"Montessori method" History
The "Montessori method" developed from experimental research that Dr. Maria Montessori conducted with children with intellectual disabilities in the early 1900s.[10] She began this research using the basic idea of scientific education that was developed and employed in the 1800s with children with special needs by French physicians Jean Itard and Edouard Seguin.[11] A student and associate of Itard, Seguin extended Itard's initial idea of observing children in their natural, free activity by adding a series of exercises with specially designed self-teaching materials. Based on Dr. Montessori's success using this same approach in her initial research with children with disabilities, she began to look for an opportunity to study how it might be applied to benefit the education of typically developing children as well.[12]
Montessori was asked to establish a day-care center for young children (2–6) in a low-income housing area of Rome's San Lorenzo district.[13] She opened the center in 1907, calling it a Children's House,and began observing the children in the scientific manner indicated before by Seguin.[12] In this process, Dr. Montessori soon discovered that the children responded to the materials with a deep concentration that resulted in a fundamental shift in their way of being, changing from the ordinary behavior of fantasy, inattention, and disorder, to a state of profound peace, calm and order within their environment. Observing this change occurring with all the children in her environment, she concluded that she had discovered the child's true normal nature. Later, Dr. Montessori referred to this change as normalization and the new emerging children as normalized.[14]

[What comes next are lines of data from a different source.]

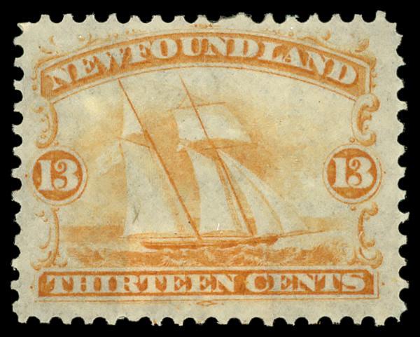 1865, 13¢ orange on yellowish (Scott 30), o.g., hinge remnants, Fine to Very Fine. Scott $250. (Image)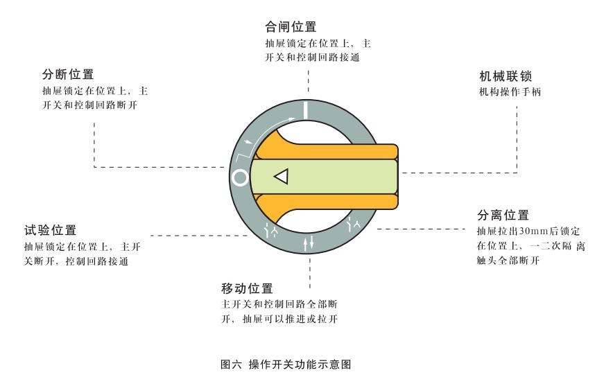 抽屜插入后,將手柄順時(shí)針?lè )较蜣D動(dòng)時(shí),首先到達“試驗位置”(↓),此時(shí)機構將外部電源引入控制回路,用戶(hù)通過(guò)面板上的安全電器(假如有的話(huà))對電路進(jìn)行試操作,以確認其是否符合要求,由于主開(kāi)關(guān)尚處于斷開(kāi)狀態(tài),因此一次回路處于無(wú)電狀態(tài),即使操作結果與要求不符也不會(huì )損壞設備,繼續順時(shí)針?lè )较蜣D動(dòng)到手柄處于水平位置時(shí),即“分斷位置”(0)。此時(shí)一次和二次回路均處于無(wú)電狀態(tài),沿順時(shí)針?lè )较蚶^續旋轉90°則手柄轉到“合閘位置”(I),見(jiàn)圖六。
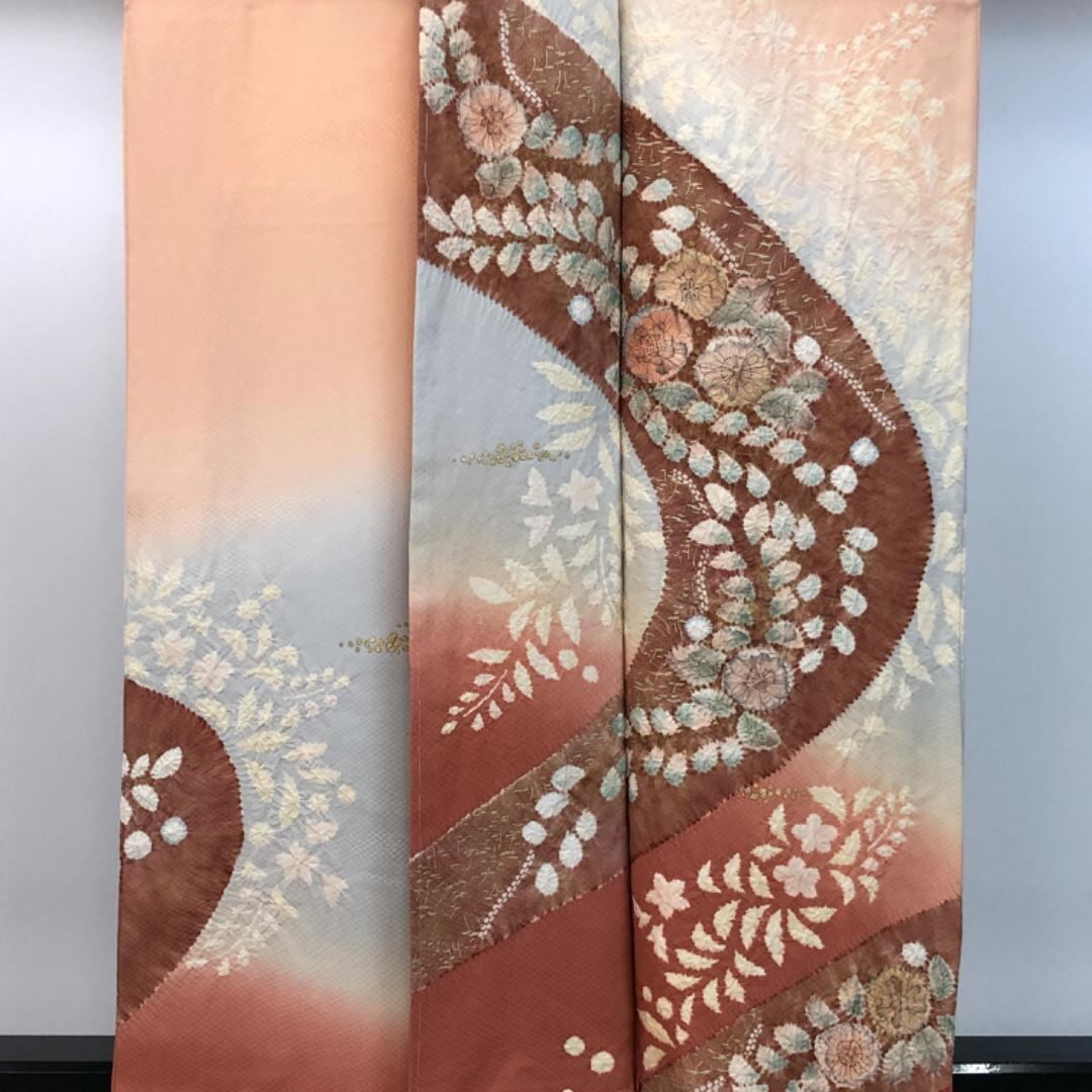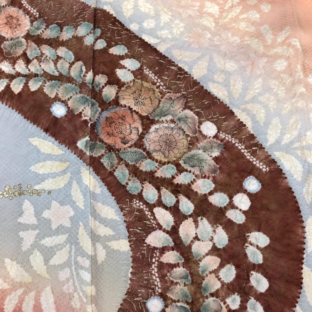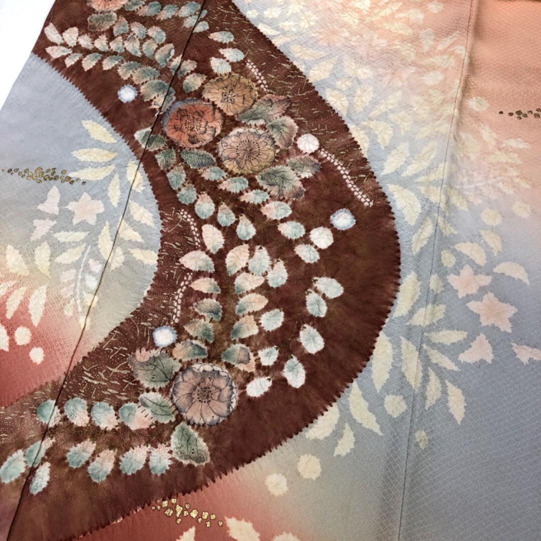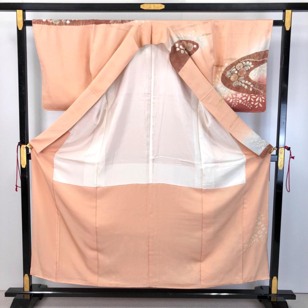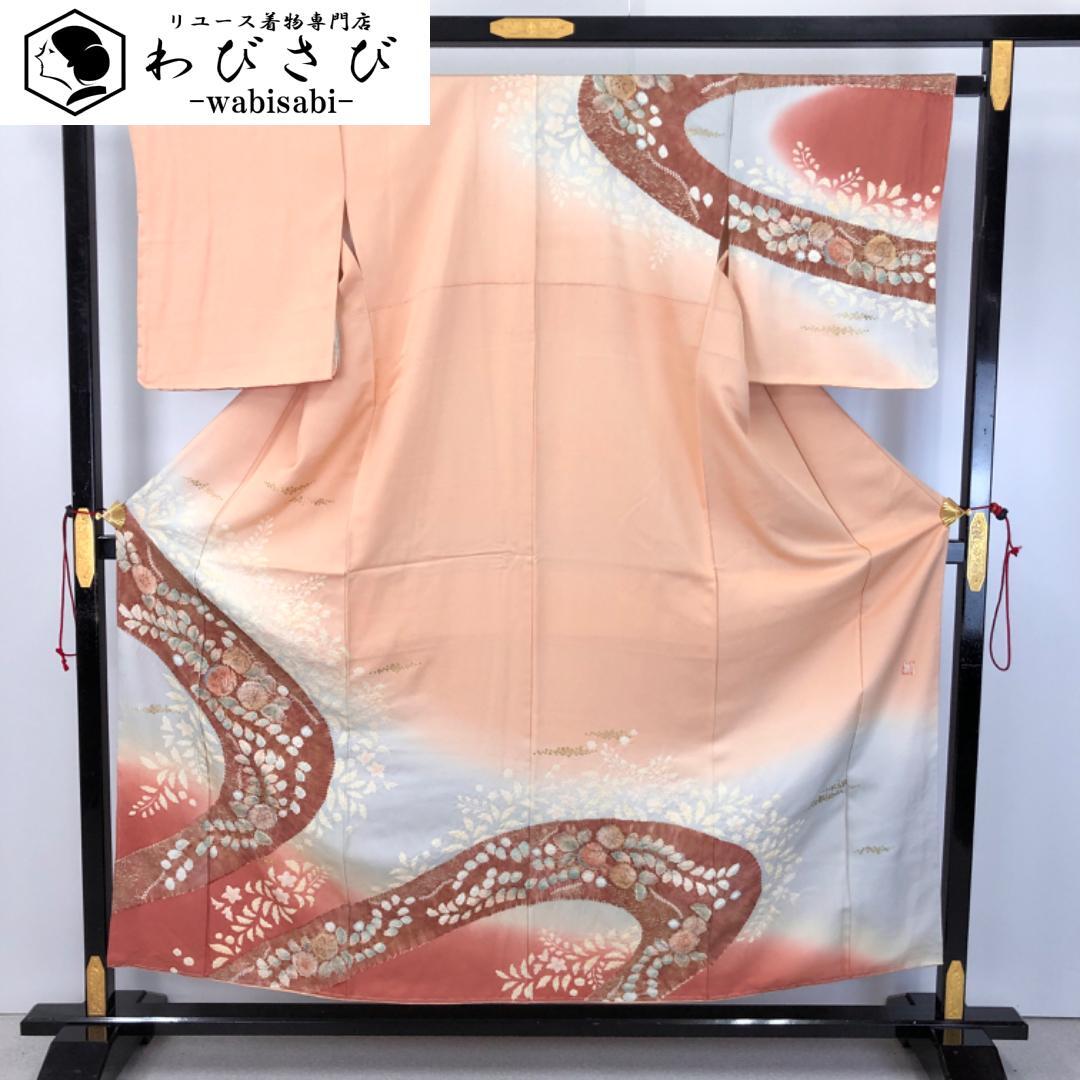 鮭色のお色味に美しい辻が花絞りがデザインされた雰囲気の良い素敵な柄裄のお品でございます。

After 1907, Dr. Montessori reported her discovery and experiences to educators and others who became increasingly interested in learning how these changes came about in children. This interest soon led her to write various books on the subject and conduct training programs to explain her approach, which eventually came to be known as the "Montessori method." [15]
Following her initial experiments with young children, Montessori extended her research by introducing new materials and studying the effects of her approach with children of different ages. For example, near the end of her life, in her book De l'Enfant à l'Adolescent,[16] (From Childhood to Adolescence), Montessori contributed to the work of the International Bureau of Education and UNESCO, by relating how her method would apply to the secondary-school and university settings. Her writings, lectures, and research during some 40 years until her death in 1952 constituted the basic foundation of knowledge about the method, which is currently conducted according to various philosophies in schools and other institutions associated with the name Montessori throughout the world.[17] The method has developed along several different philosophical tracks. Each track has evolved its own distinctive organizational affiliations, training and presentation of the method to the general public.[18]